Nesse contexto aparecem novas crenças religiosas, principalmente a de deuses da natureza física, o que contribuiu para o desaparecimento gradual de antigas concepções. Isso significou ampliar as relações humanas, desenvolver e agrupar em cidades, estas distintas instituições. “Várias famílias formaram a fratria, várias fratrias a tribo, e diversas tribos a cidade. Família, fratria, tribo, cidade são, portanto sociedades perfeitamente análogas e nascidas umas das outras por uma série de federações.” (p.138).

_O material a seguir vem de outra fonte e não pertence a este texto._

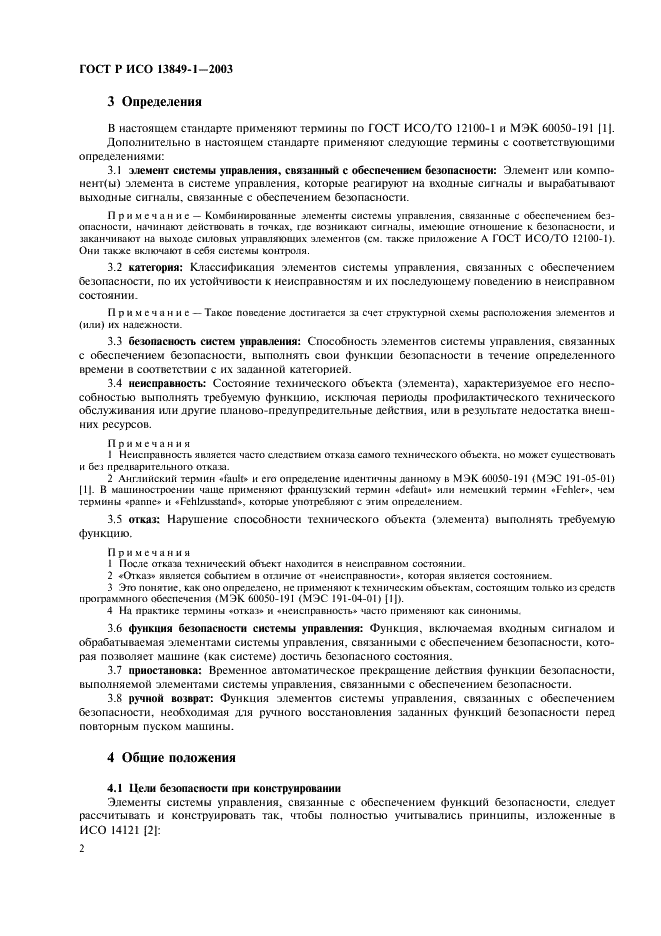 Стандарт определяет категории элементов систем управления и описывает характеристики их функций безопасности, включая программируемые системы, для любого оборудования (машины) производственного и непроизводственного назначения и для предохранительных и (или) защитных устройств, относящихся к этому оборудованию (машине).
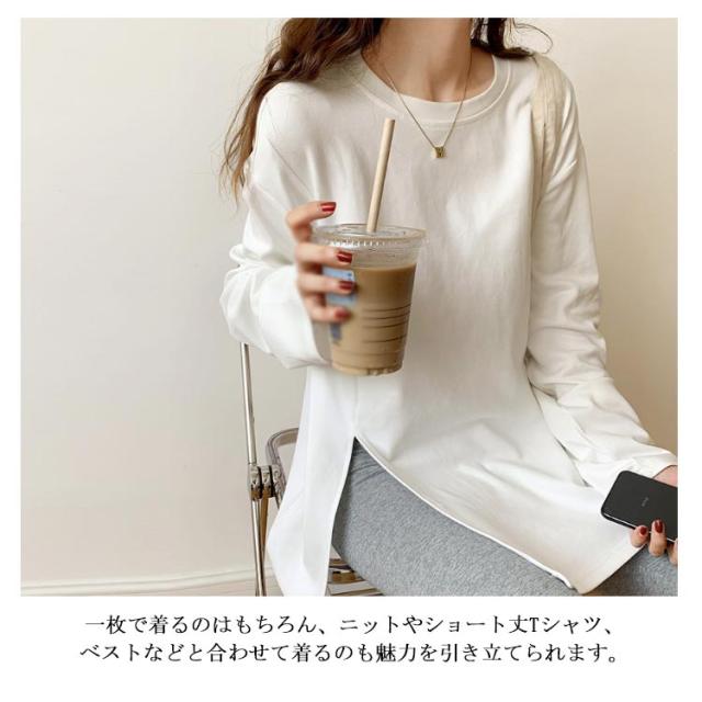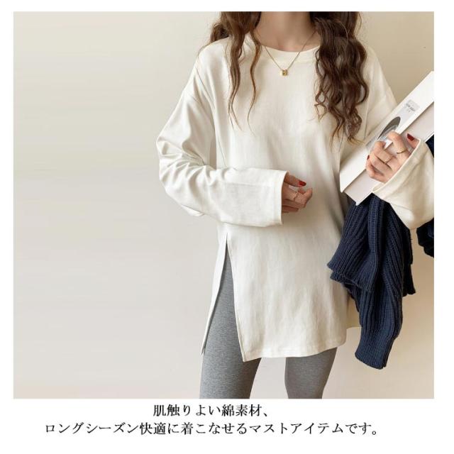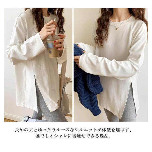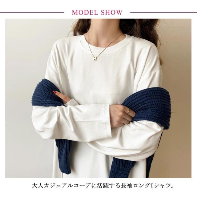 | サイドスリットでスタイルアップ♪ 大人カジュアルコーデに活躍する長袖ロングTシャツ。 長めの丈とゆったりルーズなシルエットが体型を選ばず、誰でもオシャレに着痩せできる逸品。 一枚で着るのはもちろん、ニットやショート丈Tシャツ、ベストなどと合わせて着るのも魅力を引き立てられます。 肌触りよい綿素材、ロングシーズン快適に着こなせるマストアイテムです。 | |
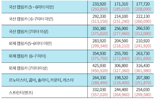 외제차는 차종이 너무 많아서 이 블로글에는 다 못 퍼왔습니다. 캠핑카는 또 아래와 같습니다. 미터당으로 가격이 달라집니다.
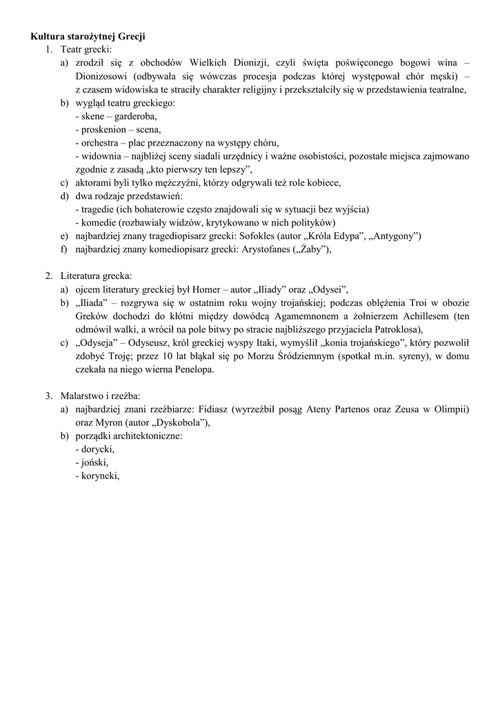 Kultura starożytnej Grecji 1. Teatr grecki: a) zrodził się z obchodów Wielkich Dionizji, czyli święta poświęconego bogowi wina – Dionizosowi (odbywała się wówczas procesja podczas której występował chór męski) – z czasem widowiska te straciły charakter religijny i przekształciły się w przedstawienia teatralne, b) wygląd teatru greckiego: - skene – garderoba, - proskenion – scena, - orchestra – plac przeznaczony na występy chóru, - widownia – najbliżej sceny siadali urzędnicy i ważne osobistości, pozostałe miejsca zajmowano zgodnie z zasadą „kto pierwszy ten lepszy”, c) aktorami byli tylko mężczyźni, którzy odgrywali też role kobiece, d) dwa rodzaje przedstawień: - tragedie (ich bohaterowie często znajdowali się w sytuacji bez wyjścia) - komedie (rozbawiały widzów, krytykowano w nich polityków) e) najbardziej znany tragediopisarz grecki: Sofokles (autor „Króla Edypa”, „Antygony”) f) najbardziej znany komediopisarz grecki: Arystofanes („Żaby”), 2. Literatura grecka: a) ojcem literatury greckiej był Homer – autor „Iliady” oraz „Odysei”, b) „Iliada” – rozgrywa się w ostatnim roku wojny trojańskiej; podczas oblężenia Troi w obozie Greków dochodzi do kłótni między dowódcą Agamemnonem a żołnierzem Achillesem (ten odmówił walki, a wrócił na pole bitwy po stracie najbliższego przyjaciela Patroklosa), c) „Odyseja” – Odyseusz, król greckiej wyspy Itaki, wymyślił „konia trojańskiego”, który pozwolił zdobyć Troję; przez 10 lat błąkał się po Morzu Śródziemnym (spotkał m.in. syreny), w domu czekała na niego wierna Penelopa. 3. Malarstwo i rzeźba: a) najbardziej znani rzeźbiarze: Fidiasz (wyrzeźbił posąg Ateny Partenos oraz Zeusa w Olimpii) oraz Myron (autor „Dyskobola”), b) porządki architektoniczne: - dorycki, - joński, - koryncki,
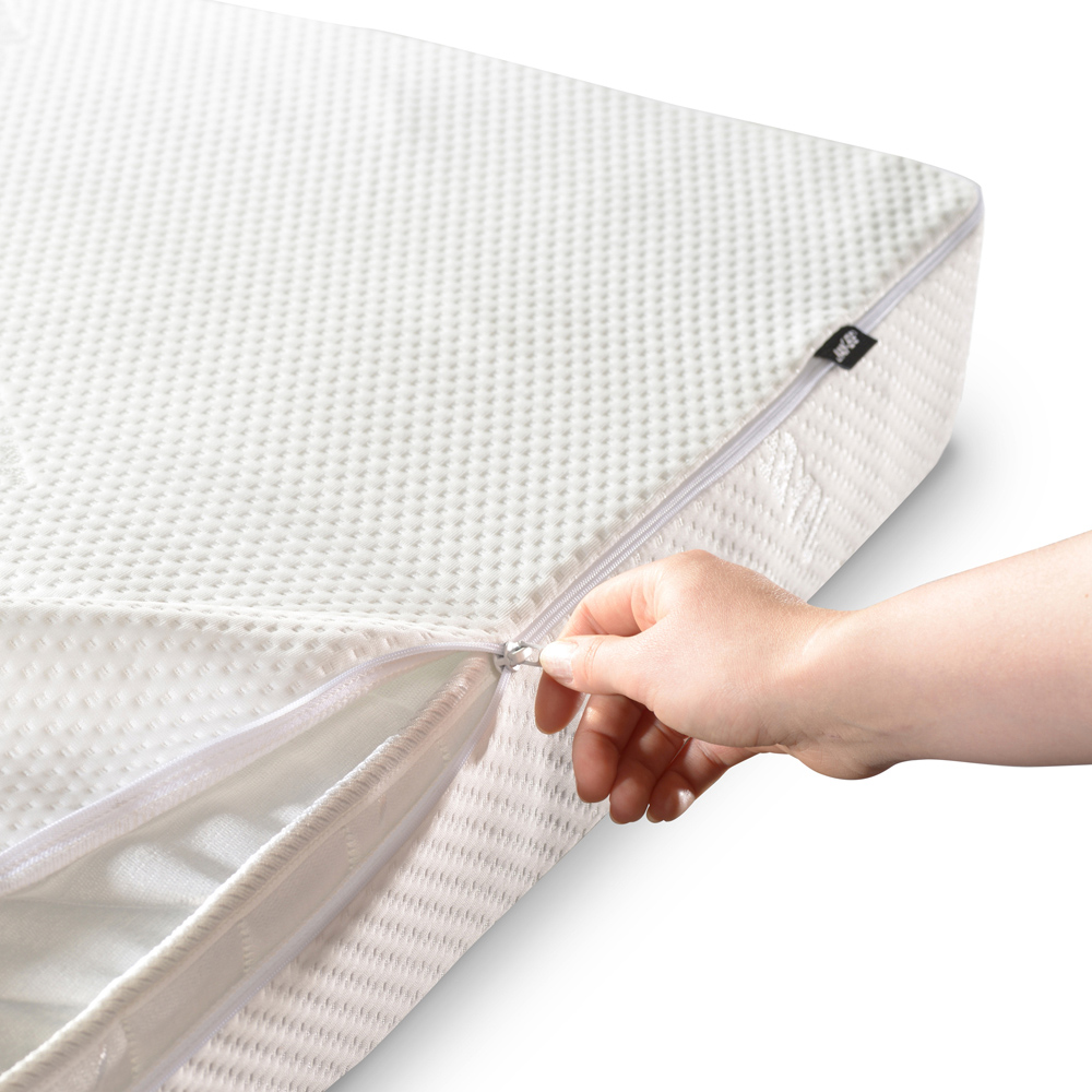 Extend the lifespan of your mattress with the Jay-Be Single Hideaway Folding Bed Waterproof Mattress Protector. This washable mattress protector is tailored to perfectly fit your Jay-Be Folding Bed mattress. It features an easy zip-on design and is made from hypoallergenic materials. Additionally, this protector creates an effective barrier against dust mites and allergens.

A cidade era uma reunião de instituições, que pelo menos em primeiro momento respeitava a singularidade de cada uma, sendo a elas vedada a entrada do estrangeiro. Nela seguia-se todo um ritual para incorporação de famílias , regras taxativas, pois a cidade mesmo em escala maior conserva muitos dos preceitos religiosos antigos.
Numa analogia, o fundador, assumiu o papel que o homem tinha dentro da família, só que seu compromisso não é mais só com sua família, com toda a cidade. “O fundador era o homem que realizava o ato religioso sem o qual a urbe não poderia existir.”(p.154).Tudo foi ampliado, assim como as cerimônias.
Com todas as transformações ocorridas, surge a figura do rei como sacerdote-supremo da cidade, cada uma com o seu, com denominações diferentes, mas com praticamente as mesmas atribuições. A substituição do rei, utiliza das antigas leis de hereditariedade.
Tanta transformação levou o homem a um amadurecimento das suas ideias, passando ao questionamento da estrutura na qual estava inserido.
A primeira foi a transformação operada nas idéias , conseqüência natural do desenvolvimento do espírito humano,que fazendo esmorecer as antigas crenças, abalou o edifício social que elas haviam erguido e que só elas poderiam manter.(p.253).(suc)
As insatisfações, a realidade social na qual se inseria, contribuíram para que as revoluções fossem levantadas. As consequências dessas revoluções foram transformadoras, mudando significativamente o aspecto e a divisão social, de certa forma todos provaram de alguma forma essas mudanças. ”[...] o filho mais novo se libertou do primogênito, e o servo desobrigou-se do senhor; a classe inferior cresceu, armou-se e acabou por vencer a aristocracia e conquistar a igualdade.” (p.333).
Embora, houvessem ocorrido tantas revoluções, em algumas cidades não foram capazes de acabar com antigas tradições. ”[...] Atenas continua fiel as tradições do velho tempo, tanta revoluções ainda não haviam conseguido apagar esse supersticioso respeito pelas tradições.”(p.353).
Como ponto final da obra de Coulanges,sobre essas cidades antigas, destaca o cristianismo como ponto chave para a substituição dessas crenças antigas, destacando o seu papel como animador social, propagador do amor ao próximo,da ajuda mútua, da quebra dos preconceitos raciais,de procedência.“ O cristianismo transformou a natureza e a forma de adoração, o homem não mais não mais ofereceu a Deus o alimento e a bebida; a oração deixou de ser formula de magia, mas ficou sendo um ato de fé e de humildade.”(p.413).Por todas essas mudanças os alicerces foram substituídos e não mais imperarão, isto é , segundo a ótica do ator.
BIBLIOGRAGIA:
COULANGES, Fustel de. A Cidade Antiga. São Paulo: Martin Claret, 2001.